Given data>
--

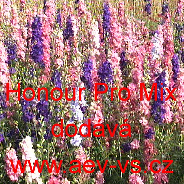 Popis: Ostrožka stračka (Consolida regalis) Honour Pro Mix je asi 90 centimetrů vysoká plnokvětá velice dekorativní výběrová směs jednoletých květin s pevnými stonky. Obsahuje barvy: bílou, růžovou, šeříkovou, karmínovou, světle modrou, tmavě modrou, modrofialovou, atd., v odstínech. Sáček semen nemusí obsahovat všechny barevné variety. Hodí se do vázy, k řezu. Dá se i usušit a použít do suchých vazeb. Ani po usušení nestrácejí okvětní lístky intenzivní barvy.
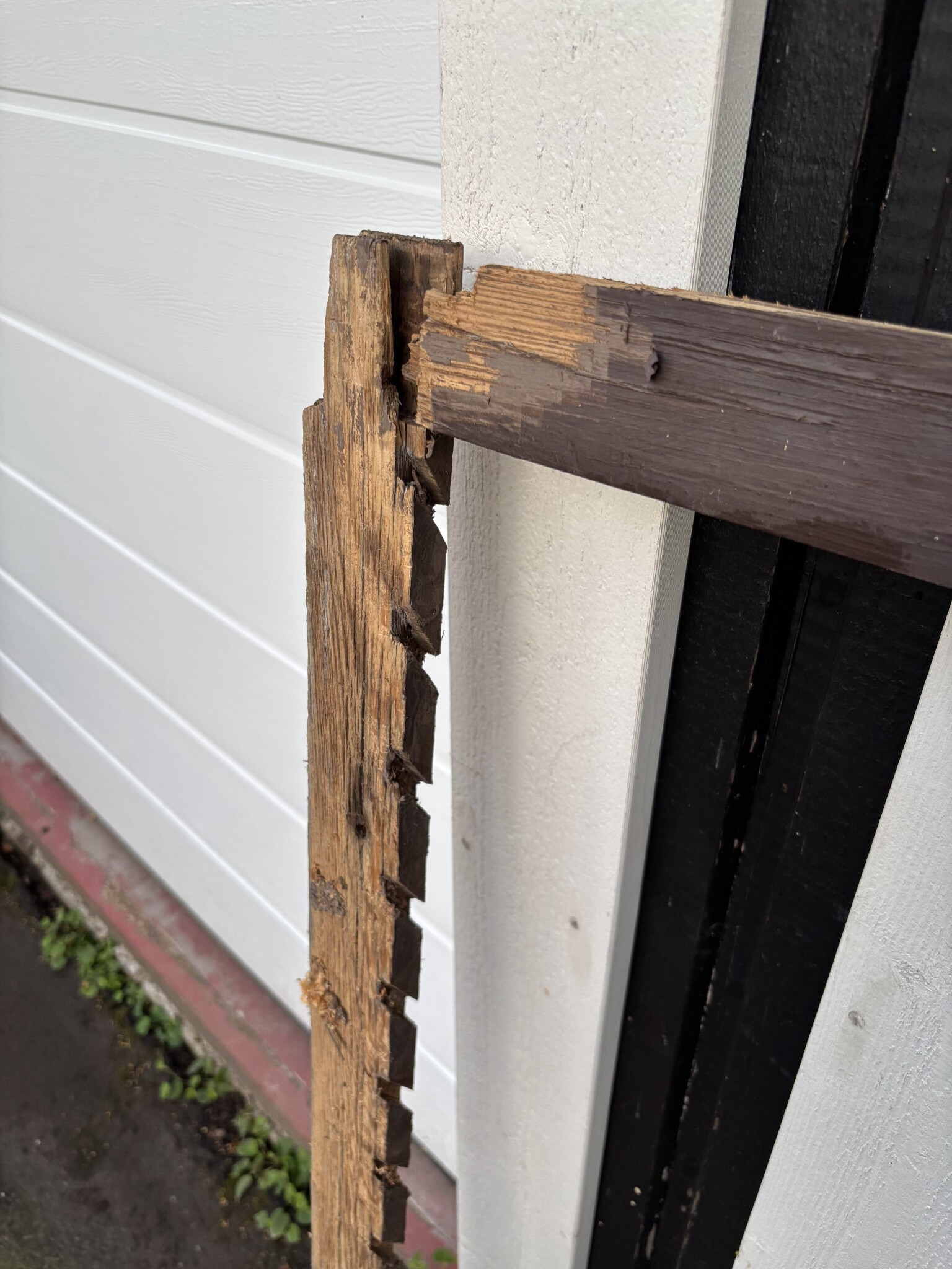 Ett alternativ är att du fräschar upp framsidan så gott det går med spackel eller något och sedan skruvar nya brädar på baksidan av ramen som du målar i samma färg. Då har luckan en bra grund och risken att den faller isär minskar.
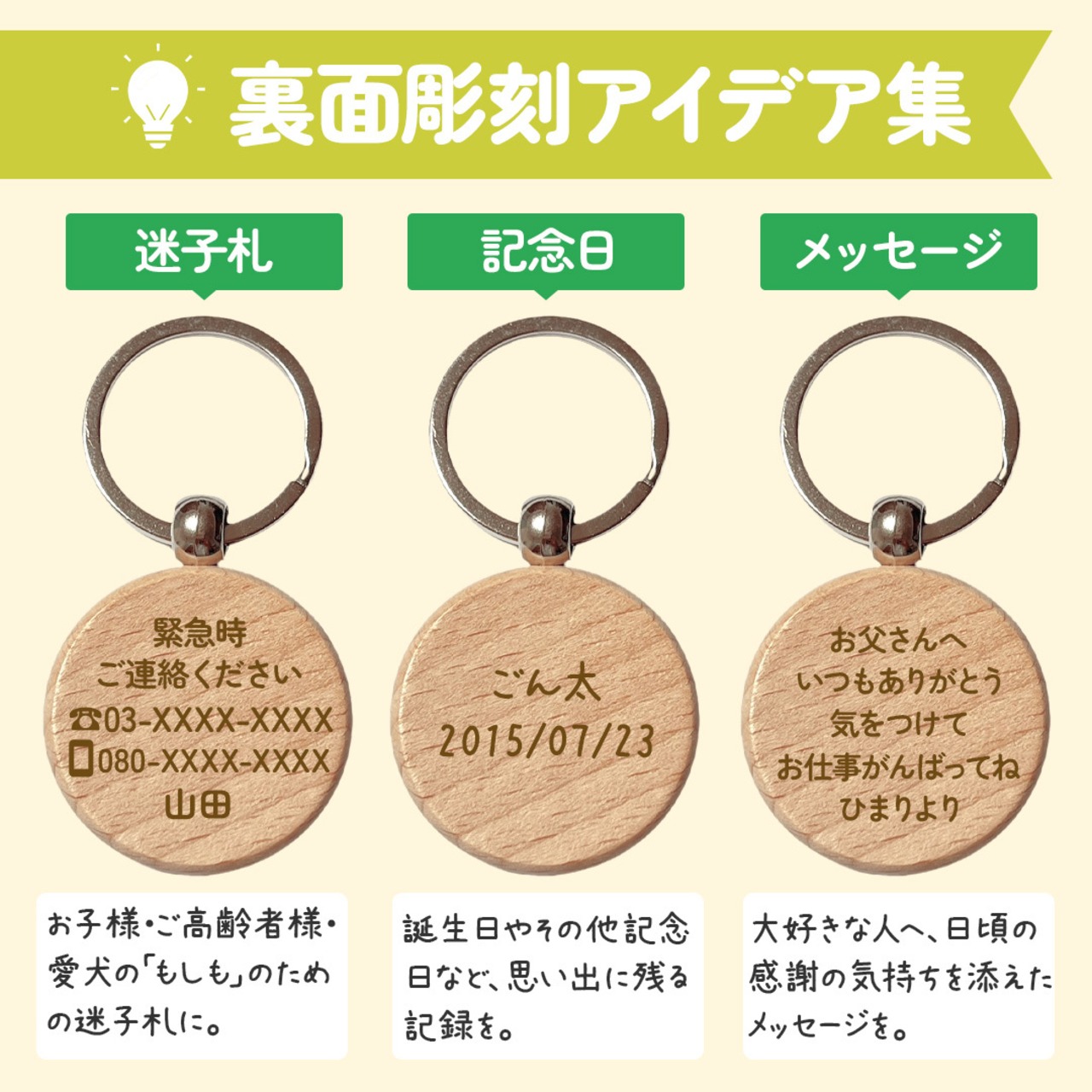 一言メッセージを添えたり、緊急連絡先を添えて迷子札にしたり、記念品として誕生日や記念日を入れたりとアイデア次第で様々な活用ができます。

--

What is being asked>
When you restate the listing, keep every word as it is and drop the pictures.

Task answer>
 Popis: Ostrožka stračka (Consolida regalis) Honour Pro Mix je asi 90 centimetrů vysoká plnokvětá velice dekorativní výběrová směs jednoletých květin s pevnými stonky. Obsahuje barvy: bílou, růžovou, šeříkovou, karmínovou, světle modrou, tmavě modrou, modrofialovou, atd., v odstínech. Sáček semen nemusí obsahovat všechny barevné variety. Hodí se do vázy, k řezu. Dá se i usušit a použít do suchých vazeb. Ani po usušení nestrácejí okvětní lístky intenzivní barvy.
 Ett alternativ är att du fräschar upp framsidan så gott det går med spackel eller något och sedan skruvar nya brädar på baksidan av ramen som du målar i samma färg. Då har luckan en bra grund och risken att den faller isär minskar.
 一言メッセージを添えたり、緊急連絡先を添えて迷子札にしたり、記念品として誕生日や記念日を入れたりとアイデア次第で様々な活用ができます。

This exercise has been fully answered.